15. Het is aannemelijk dat een dergelijk non-concurrentiebeding in beginsel rechtstreeks verbonden is aan de concentratie en dat zij noodzakelijk is voor haar verwezenlijking. Het feit dat het de heren Woudt ook verboden zal zijn om op te treden als verschaffer van leningen of ander krediet en dat het hun verboden zal zijn om werknemers van Mercurius in dienst te nemen, indien deze daartoe zelf het initiatief nemen, gaat evenwel verder dan wat redelijkerwijs als noodzakelijk wordt beschouwd voor de verwezenlijking van de concentratie. Derhalve kan worden geconcludeerd dat het in punt 13 genoemde beding, voorzover het zich niet uitstrekt tot een verbod om op te treden als verschaffer van leningen of ander krediet en voorzover het verbod om personen in dienst te nemen of werkzaamheden te laten verrichten zich beperkt tot het actief werven om in dienst te treden respectievelijk werkzaamheden te verrichten, als noodzakelijk voor de verwezenlijking van de concentratie kan worden beschouwd.

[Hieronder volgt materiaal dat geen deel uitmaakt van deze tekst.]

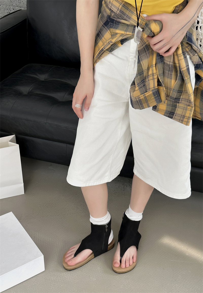 2025 봄과 여름 새로운 한국식 통 샌들 여자 올매치 로우 힐 로마 레트로 쇼트 패셔너블 샌들
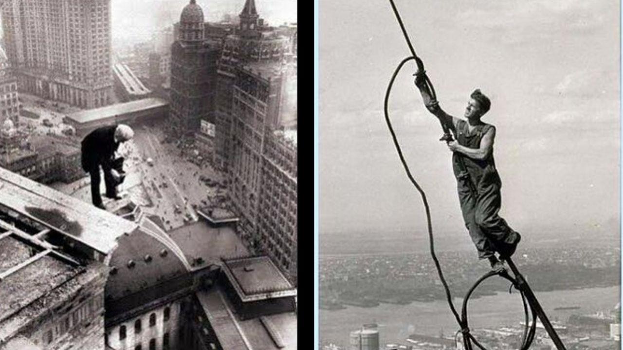 Aj keď v čase stavby boli bezpečnostné štandardy naozaj nízke a na priečnych nosníkoch vo výške vyše 250 metrov robotníci pracovali bez istenia, slávna fotka je bezpochyby zinscenovaná, podobne ako aj ďalšia fotka z tejto série, ktorá zobrazuje spiacich robotníkov. Fotografia šikovne využíva perspektívu pre väčšiu dramatickosť, pod robotníkmi sa totiž nachádzalo už postavené 68. poschodie.

VI. CONCLUSIE 16. Na onderzoek van deze melding is de directeur-generaal van de Nederlandse mededingingsautoriteit tot de conclusie gekomen dat de gemelde operatie binnen de werkingssfeer valt van het in hoofdstuk 5 van de Mededingingswet geregelde concentratietoezicht. Hij heeft geen reden om aan te nemen dat als gevolg van die concentratie een economische machtspositie kan ontstaan of worden versterkt die tot gevolg heeft dat een daadwerkelijke mededinging op de Nederlandse markt of een deel daarvan op significante wijze wordt belemmerd. 17. Gelet op het bovenstaande deelt de directeur-generaal van de Nederlandse mededingingsautoriteit mede dat voor het tot stand brengen van de concentratie waarop de melding betrekking heeft geen vergunning is vereist. 18. Gelet op de overweging 15 is de directeur-generaal van oordeel dat, voorzover de in punt 13 omschreven clausules overeenkomsten vormen als bedoeld in artikel 6 van de Mededingingswet, dat artikel ingevolge artikel 10 van de Mededingingswet, niet geldt voor deze overeenkomsten, voor zover het beding zich niet uitstrekt tot een verbod om op te treden als verschaffer van leningen of ander krediet en voorzover het verbod om personen in dienst te nemen of werkzaamheden te laten verrichten zich beperkt tot het actief werven om in dienst te treden respectievelijk werkzaamheden te verrichten. Datum: 12-05-1999
De directeur-generaal van de Nederlandse mededingingsautoriteit voor deze: w.g. Drs. R.J.P. Jansen Hoofd Concentratiecontrole
Tegen dit besluit kan degene, wiens belang rechtstreeks bij dit besluit is betrokken, binnen zes weken na bekendmaking van dit besluit een gemotiveerd beroepschrift indienen bij de arrondissementsrechtbank te Rotterdam, sector bestuursrecht, Postbus 50951, 3007 BM, Rotterdam.
Aan de inhoud van deze pagina's kunt u geen rechten ontlenen.